(Records drawn from a dataset)
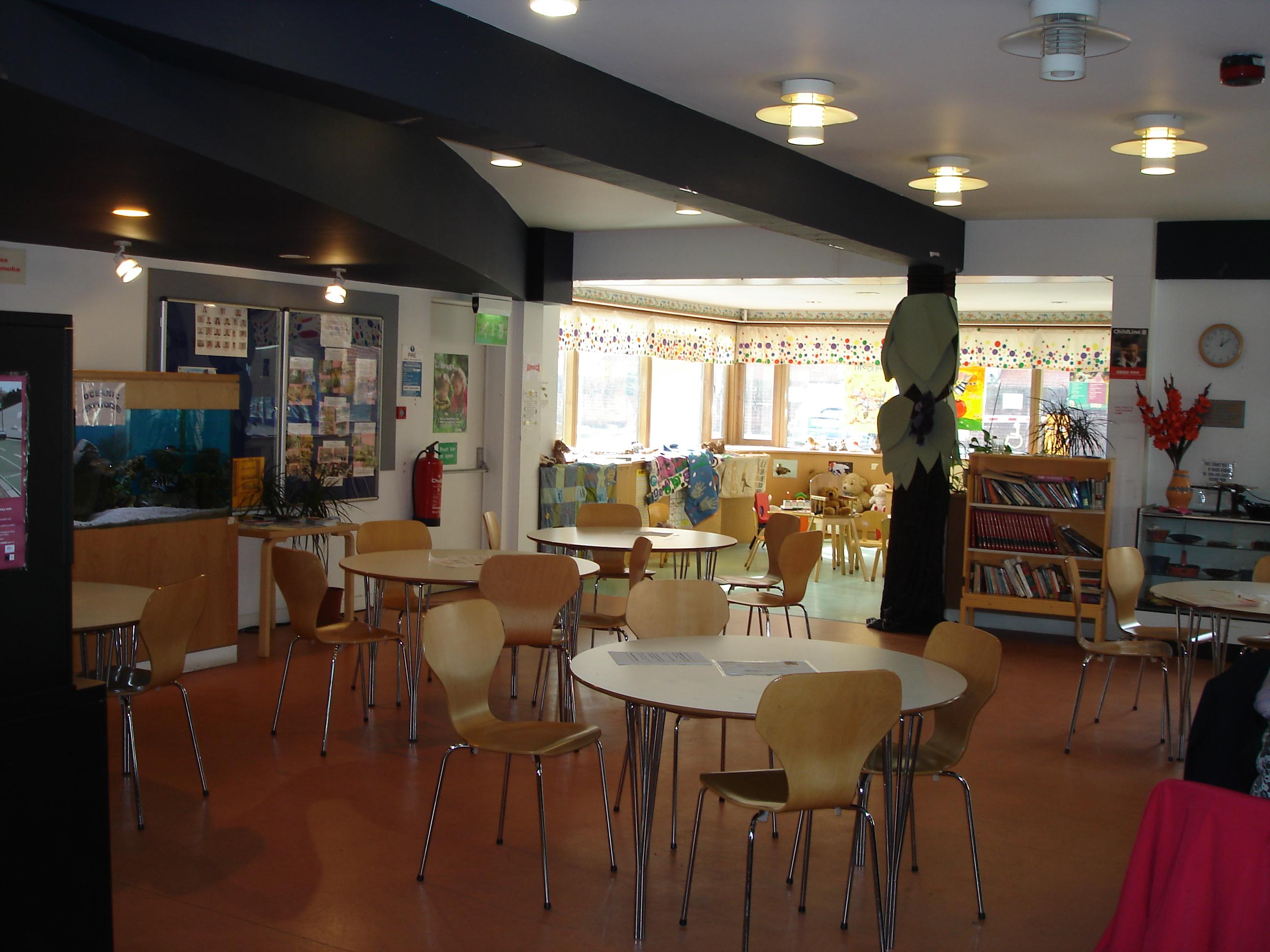 Visitor room in the Holloway prison, Islington, London, United Kingdom.
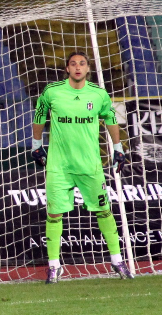 Hakan Arıkan (born 17 August 1982 in Karamürsel, Kocaeli) is a Turkish footballer. He currently plays for Beşiktaş. His role is goalkeeper.
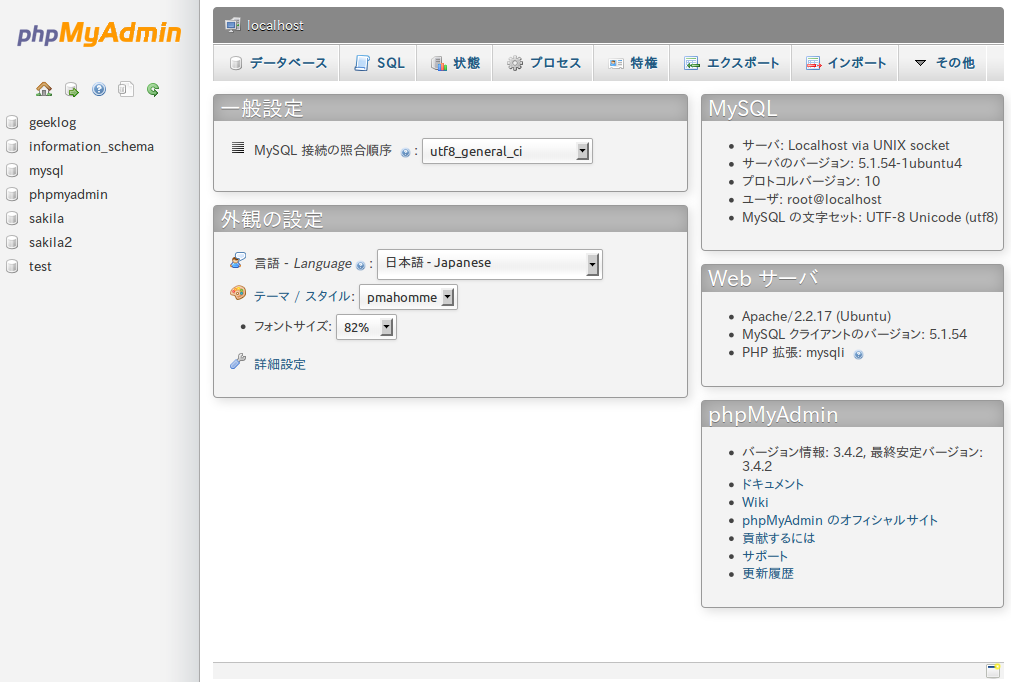 Screenshot of the main page of phpMyAdmin version 3.4.2
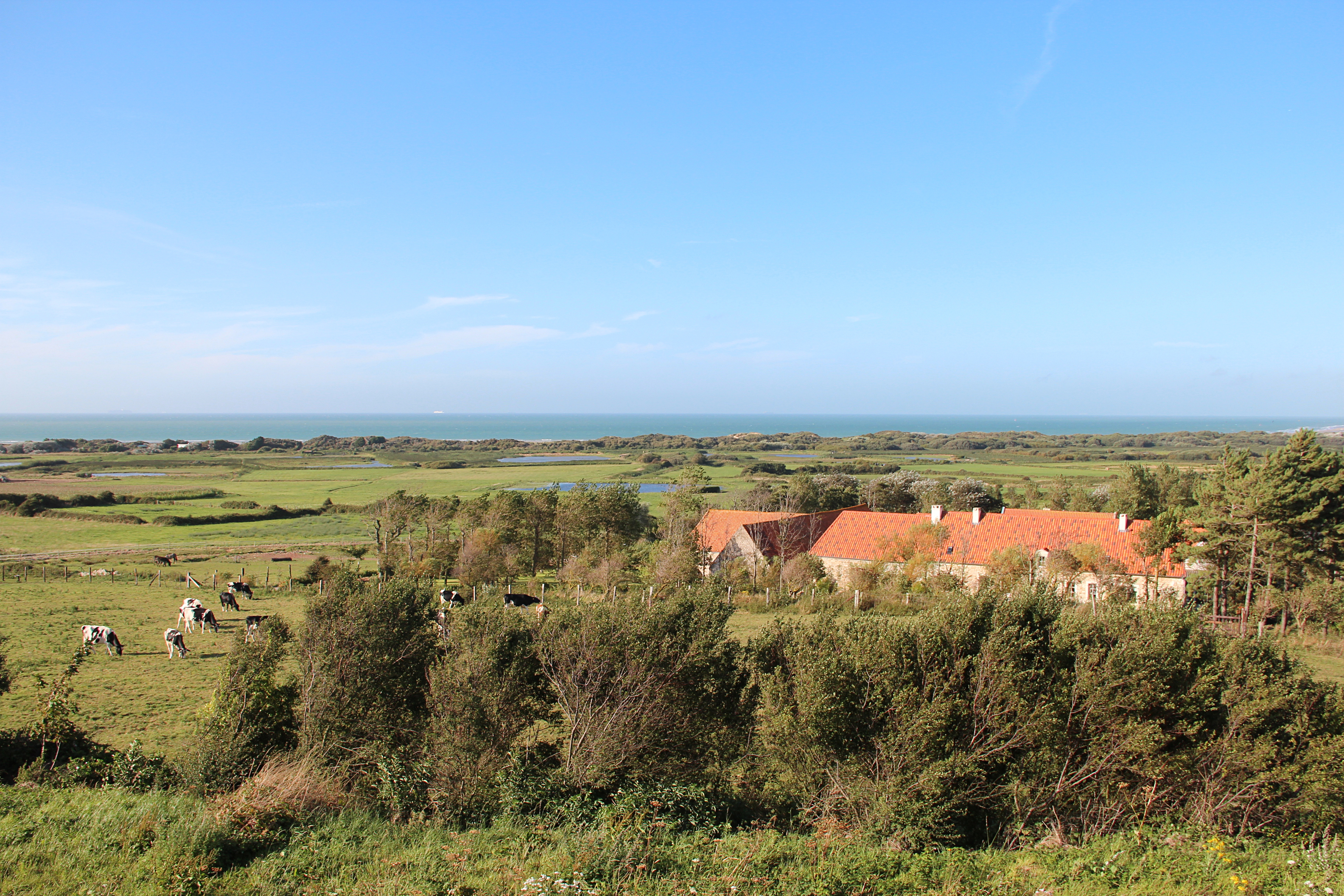 Tardinghen (Pas-de-Calais), France. – « Sites des Deux Caps » (Two Capes site) with the « baie de Wissant », the marshes and the « Ferme de la Source ».
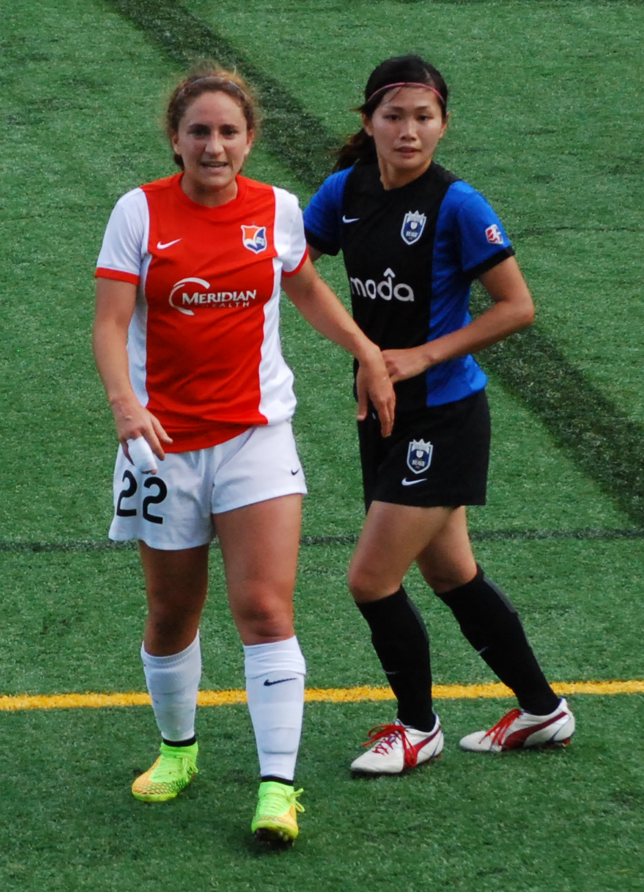 Seattle Reign FC vs Sky Blue FC Memorial Stadium, Seattle Center Seattle, WA June 28, 2014
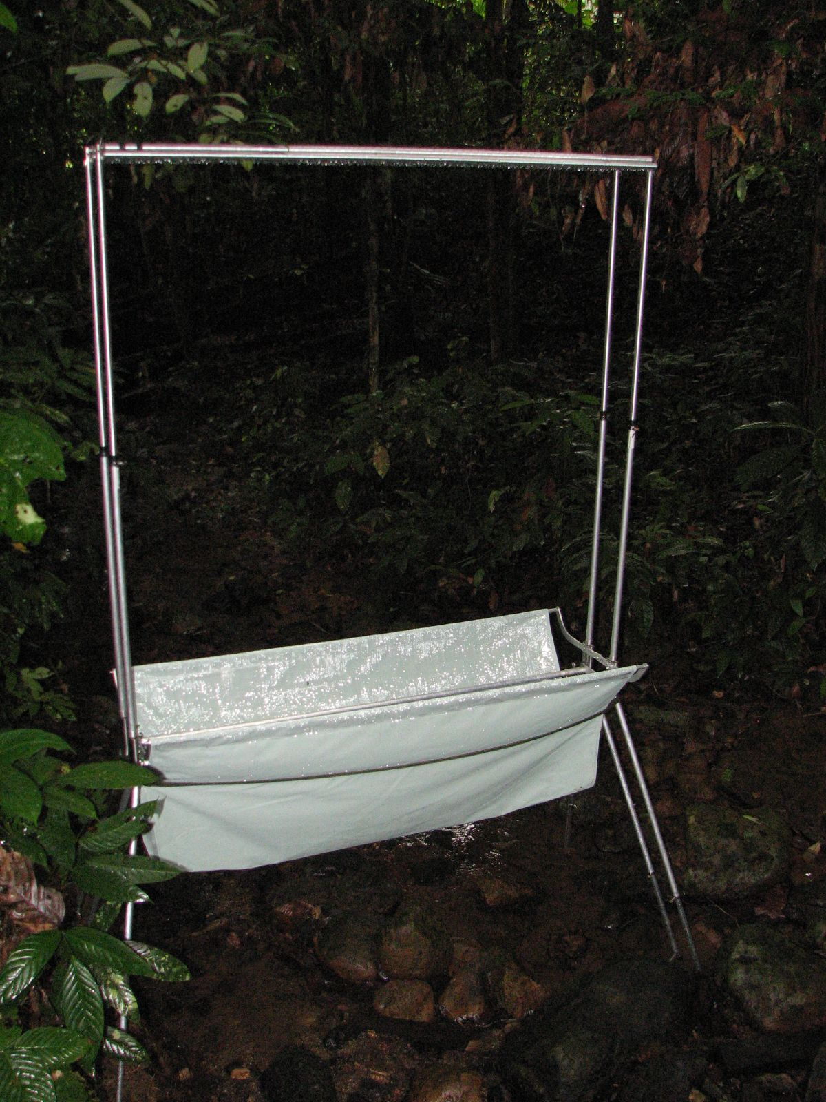 Harp-style Bat Trap, Danum Valley, Borneo
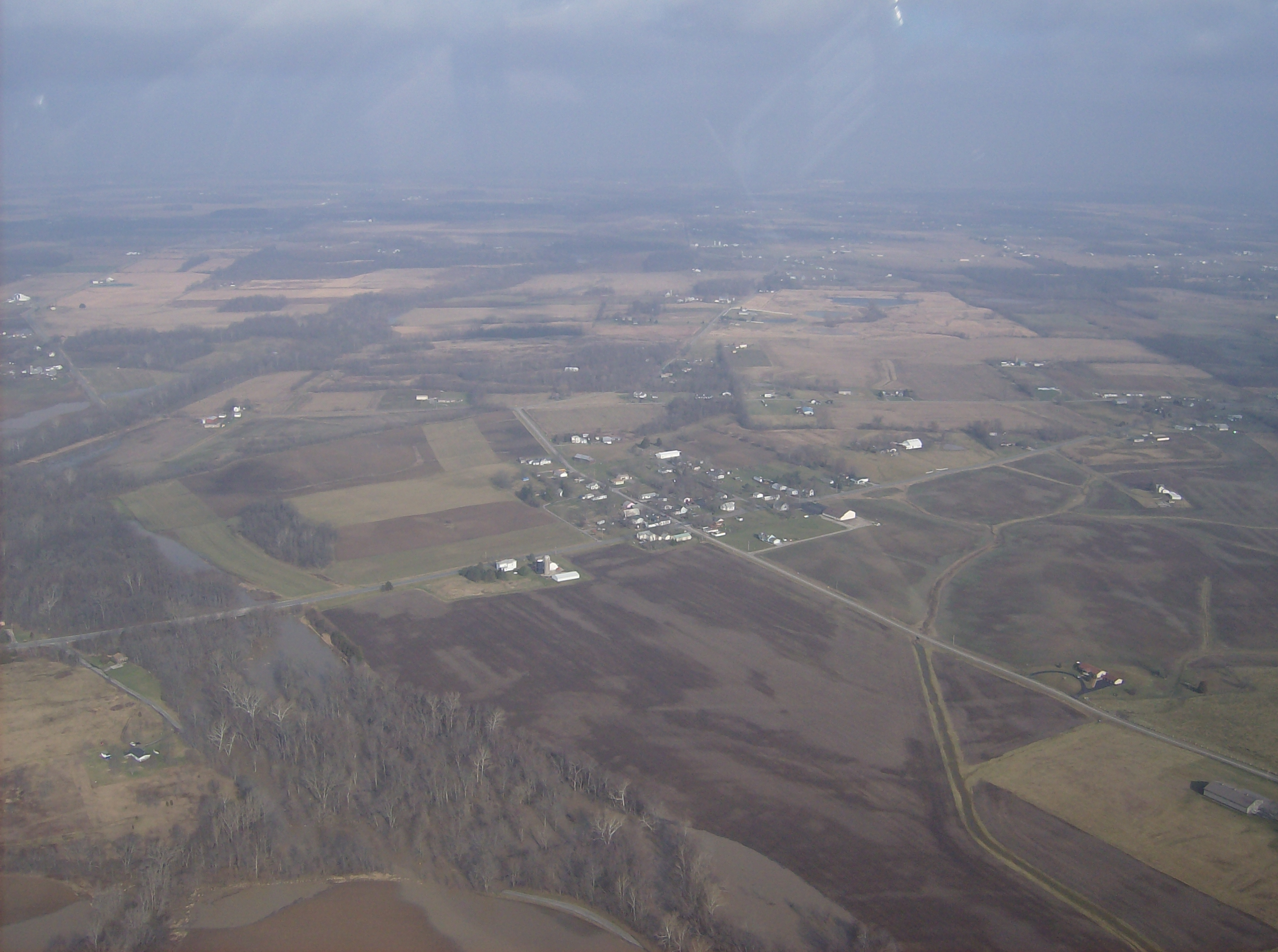 Aerial view of Logansville, an unincorporated community in central Pleasant Township, Logan County, Ohio, United States, taken from Diamond Eclipse light airplane. Picture taken from an altitude of 2,350 feet MSL at an bearing of approximately 38º.
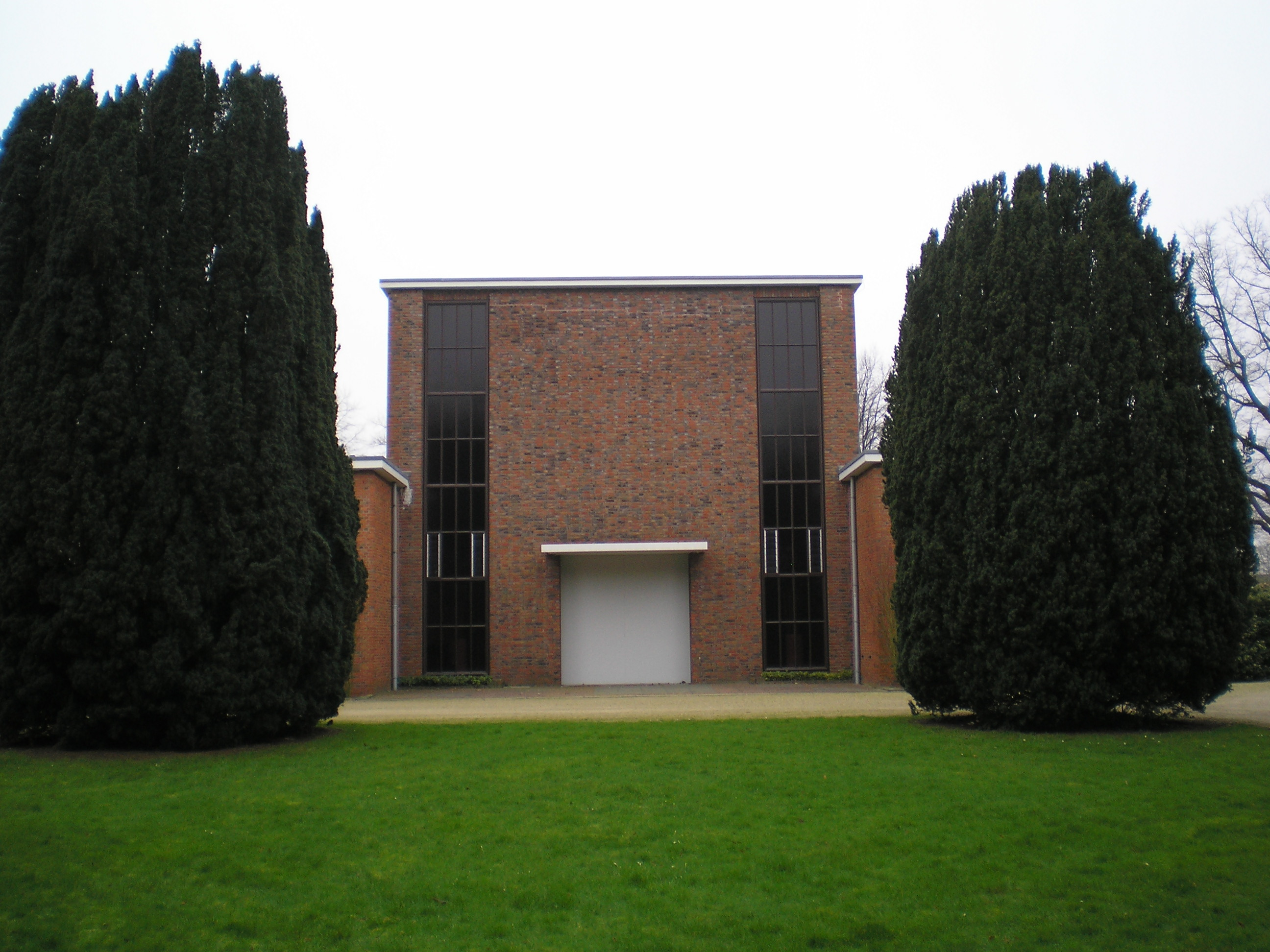 Cemetery Tolsteeg auditorium (back) in Utrecht, Netherlands

* TASK *
Would you reproduce the records exactly as they stand, but without the pictures?

* ANSWER BOX *
 Visitor room in the Holloway prison, Islington, London, United Kingdom.
 Hakan Arıkan (born 17 August 1982 in Karamürsel, Kocaeli) is a Turkish footballer. He currently plays for Beşiktaş. His role is goalkeeper.
 Screenshot of the main page of phpMyAdmin version 3.4.2
 Tardinghen (Pas-de-Calais), France. – « Sites des Deux Caps » (Two Capes site) with the « baie de Wissant », the marshes and the « Ferme de la Source ».
 Seattle Reign FC vs Sky Blue FC Memorial Stadium, Seattle Center Seattle, WA June 28, 2014
 Harp-style Bat Trap, Danum Valley, Borneo
 Aerial view of Logansville, an unincorporated community in central Pleasant Township, Logan County, Ohio, United States, taken from Diamond Eclipse light airplane. Picture taken from an altitude of 2,350 feet MSL at an bearing of approximately 38º.
 Cemetery Tolsteeg auditorium (back) in Utrecht, Netherlands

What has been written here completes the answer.